Conocemos a los microorganimos 👾👹😷

 Martes 11 de marzo del 2025

Hoy fue un día especial en el aula porque mi mamá vino a dar una plática para mi proyecto. Como es enfermera, pensé que su presencia captaría la atención de mis alumnos y que sería la persona ideal para hablarles sobre la importancia del lavado de manos, ya que justo comenzamos con el tema de los microorganismos en el campo de Ética, Naturaleza y Sociedades. Con esta actividad, buscamos abordar el PDA de distinguir, describir y registrar en su lengua materna las características del entorno natural, incluyendo elementos como las plantas, los animales, los cuerpos de agua y las condiciones climáticas.
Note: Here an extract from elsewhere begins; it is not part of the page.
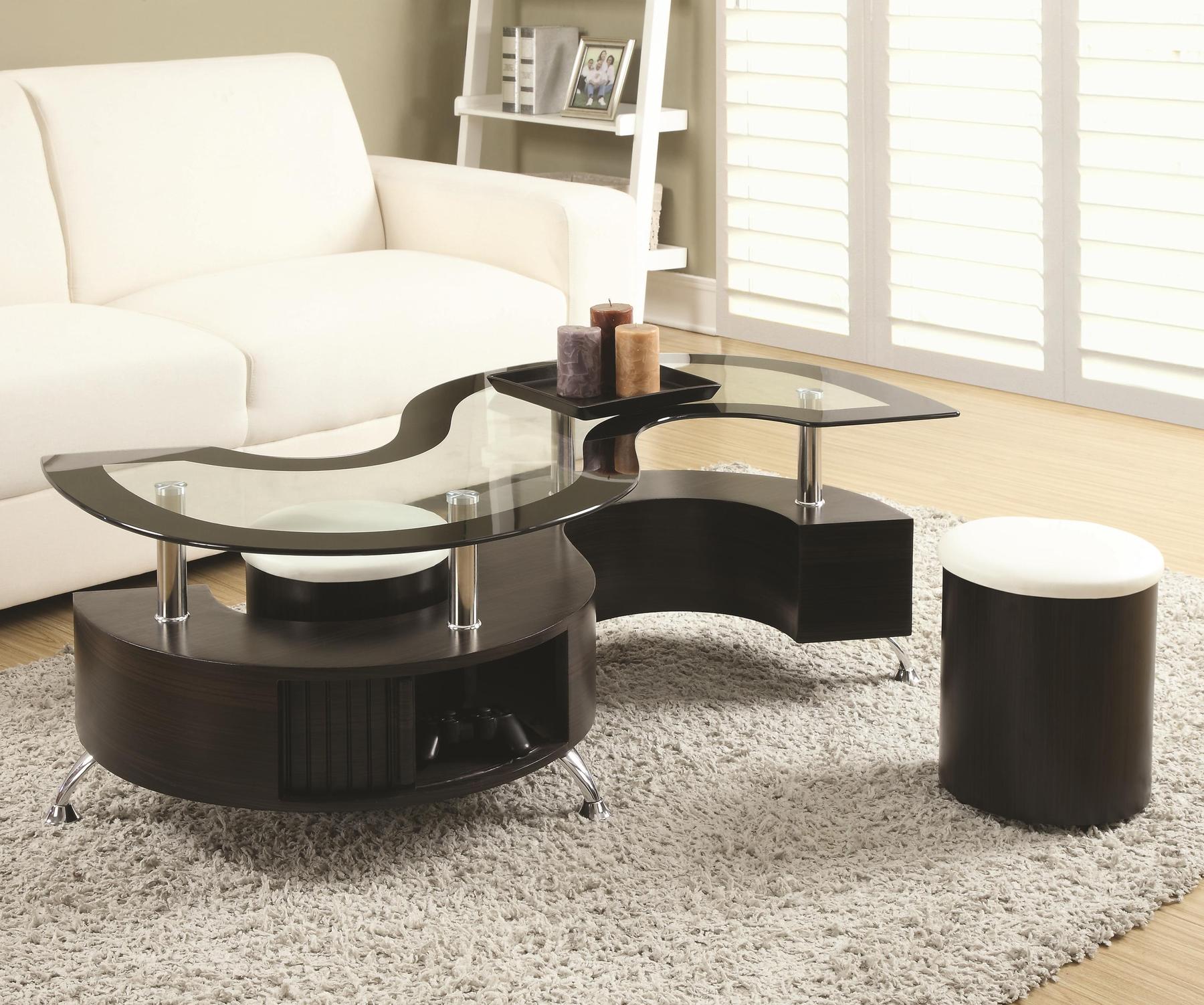 Revel in the contemporary charm of the sinuous curves from this coffee table and stool set. The serpentine silhouette of the occasional table features a glass table top with black edge trim. A sleek cappuccino and chrome finish adorn the base, adding structure to the modern marvel. Including two upholstered stools with storage, this living room set is great for even the smallest of spaces. Shiny and radiant, the thinly arched legs and frame transform any space with style.Features: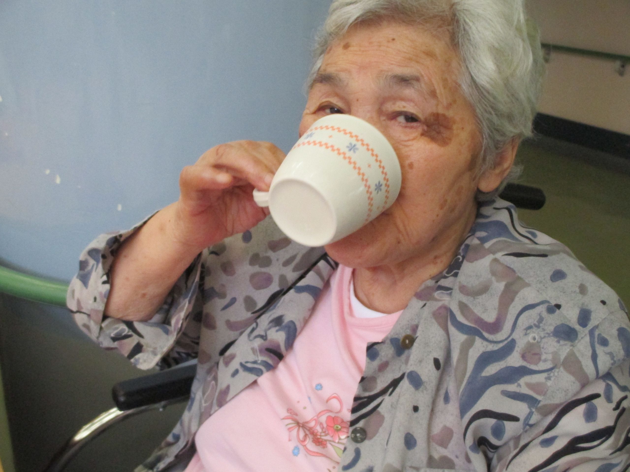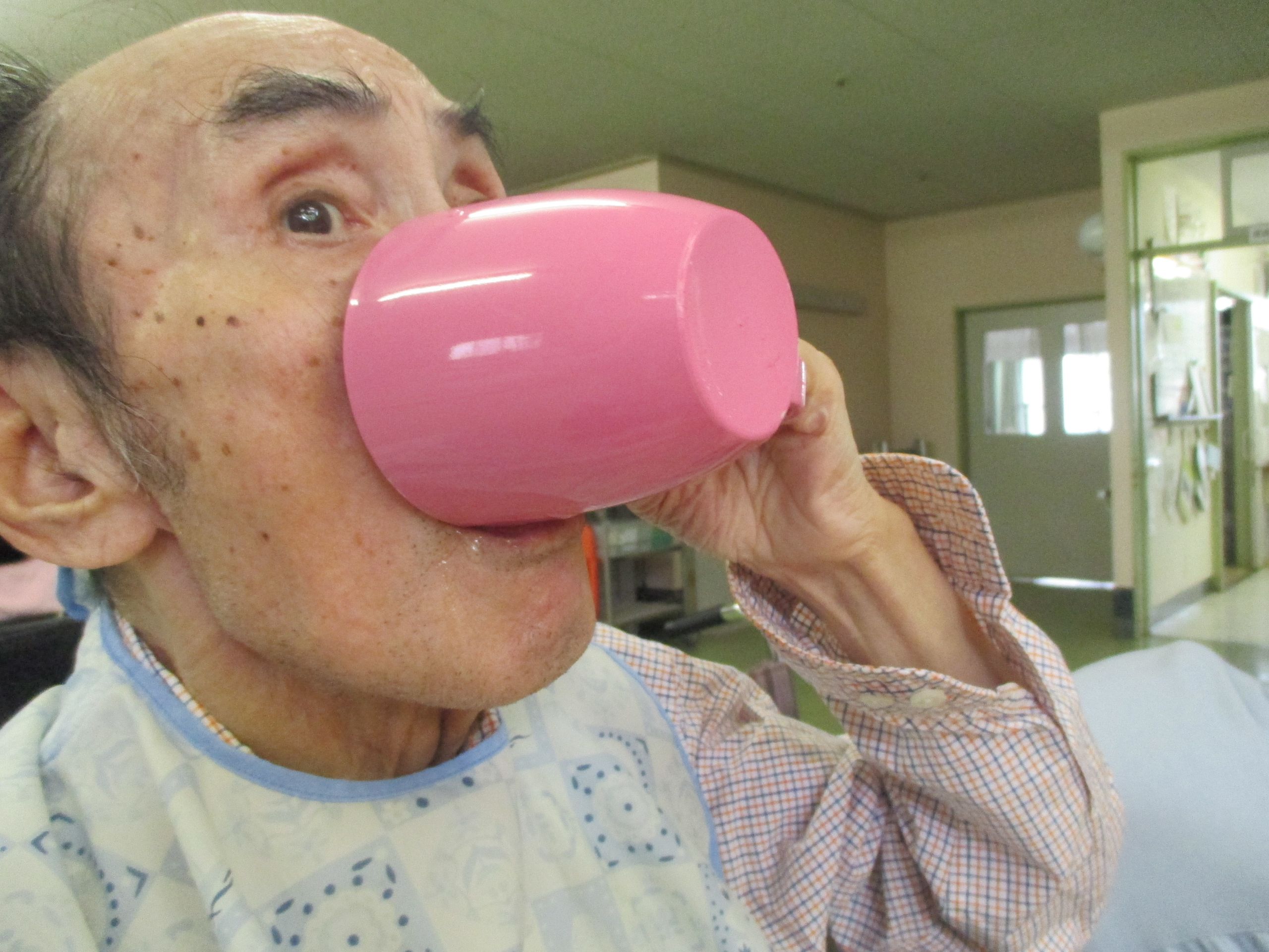 T様は離床してすぐコップを手に取り水分を飲みます。

Sin embargo, antes de que la plática comenzara, ocurrió algo inesperado y muy gracioso. Apenas los niños vieron a mi mamá con su uniforme de enfermera, varios se asustaron, pensando que venía a ponerles una inyección. De hecho, un alumno entró al salón, la vio y salió corriendo antes de que pudiera decirle algo. Rápidamente, le aseguré que no iban a vacunarlos ni hacerles nada doloroso, que solo era una plática. Eso pareció tranquilizar a todos, y poco a poco se sintieron más cómodos.

A pesar de mis nervios iniciales por tener a mi mamá en el aula, la actividad resultó ser un éxito. Fue una experiencia extraña pero linda, porque por momentos no sabía cómo interactuar con ella en este contexto; a veces la tuteaba sin querer y se me hacía raro escucharla llamarme "maestra". Sin embargo, ver la emoción y la curiosidad de los niños hizo que todo valiera la pena.

Al final, me quedé con una gran satisfacción. La plática les gustó, aprendieron sobre la importancia del lavado de manos y, sin quererlo, vivimos un momento divertido con el susto inicial. Fue un día lleno de aprendizajes, tanto para ellos como para mí.



Aún me cuesta mantener la paciencia cuando trabajo con mis alumnos, especialmente con un niño en particular. Casi nunca asiste a clase, y cuando lo hace, se muestra poco cooperativo. Intento ser paciente con él, jugar, bromear, tratar de integrarlo de alguna manera, pero no responde. Es grosero en sus respuestas, contesta con actitud desafiante y no muestra interés en participar en las actividades. Me frustra porque quiero ayudarlo, pero parece que nada es suficiente.

Algo que me preocupa mucho es que no trabaja en clase. Pasa la mayor parte del tiempo con la cabeza apoyada en el banco, como si simplemente no quisiera estar ahí. Además, busca cualquier excusa para salir del aula: antes del recreo ya ha pedido ir al baño al menos cuatro veces, y después, otras cuatro más. Siento que evita a toda costa estar presente en el salón, y eso me hace preguntarme qué es lo que realmente está pasando con él.

Admito que, en varias ocasiones, he tenido que regañarlo, sobre todo por conductas agresivas hacia sus compañeros. Me duele hacerlo porque no quiero que mi relación con él se base solo en llamados de atención, pero tampoco puedo permitir que lastime a otros o que su actitud afecte el ambiente de la clase. Sin embargo, cada vez que lo corrijo, siento que la distancia entre nosotros se hace más grande y me cuestiono si estoy manejando bien la situación.

Me frustra no saber qué hacer con él. No sé cómo lograr que confíe en mí, que se motive, que al menos levante la cabeza y participe un poco. Pero también me frustra no saber qué hacer conmigo misma en estos momentos. Trato de mantener la calma, pero hay días en los que siento que mi paciencia se agota y no quiero que esa sensación termine afectando la forma en que trato a los demás niños.

Hoy me quedé pensando mucho en esto. Quiero encontrar una manera de ayudarlo sin que él lo vea como un castigo o como una obligación. No quiero rendirme con él, pero tampoco quiero que mi frustración me haga perder el control de la situación. Tal vez necesite buscar otra estrategia, quizás algo que no haya intentado aún. Lo único que sé es que quiero que, de alguna forma, sepa que estoy aquí para él, aunque aún no esté listo para darse cuenta.